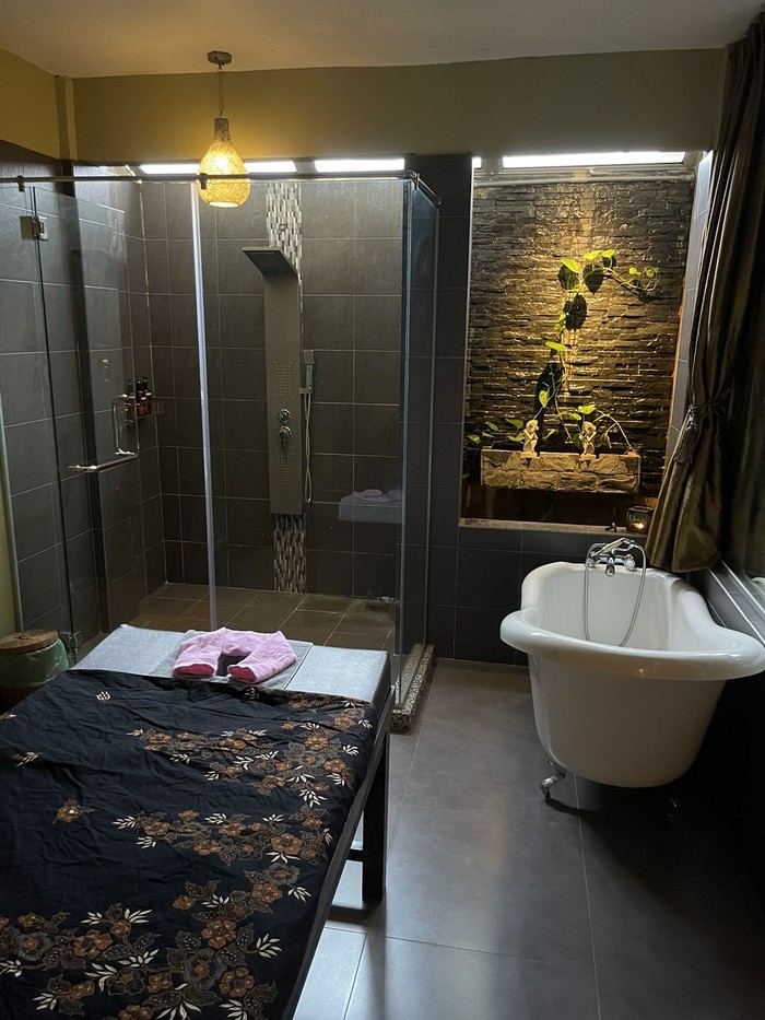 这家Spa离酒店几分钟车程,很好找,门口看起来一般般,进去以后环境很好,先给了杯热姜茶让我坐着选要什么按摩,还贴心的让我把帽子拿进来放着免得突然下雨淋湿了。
* * *
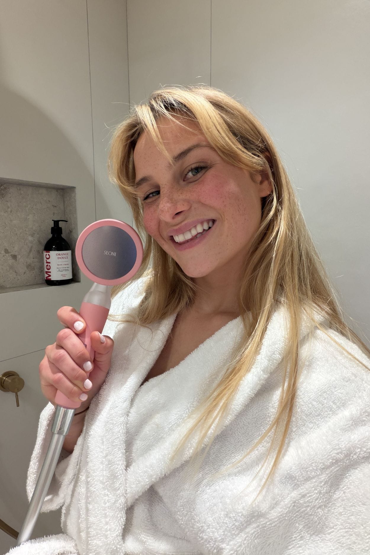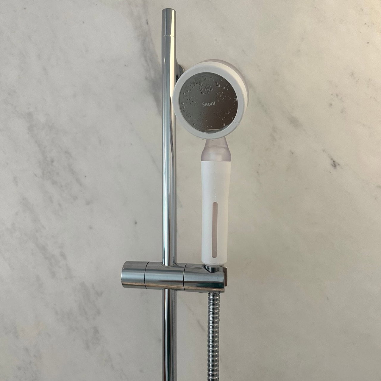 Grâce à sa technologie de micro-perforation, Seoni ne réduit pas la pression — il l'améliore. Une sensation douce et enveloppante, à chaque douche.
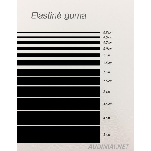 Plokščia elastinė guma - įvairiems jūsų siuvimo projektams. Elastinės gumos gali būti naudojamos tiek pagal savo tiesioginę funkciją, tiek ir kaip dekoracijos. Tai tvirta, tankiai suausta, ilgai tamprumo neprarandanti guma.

Brief: Copy exactly the lines of the listing above between the one holding "Grâce à sa technologie" and the one holding "Plokščia elastinė guma", inclusive; omit all pictures.

Answer section:
 Grâce à sa technologie de micro-perforation, Seoni ne réduit pas la pression — il l'améliore. Une sensation douce et enveloppante, à chaque douche.
 Plokščia elastinė guma - įvairiems jūsų siuvimo projektams. Elastinės gumos gali būti naudojamos tiek pagal savo tiesioginę funkciją, tiek ir kaip dekoracijos. Tai tvirta, tankiai suausta, ilgai tamprumo neprarandanti guma.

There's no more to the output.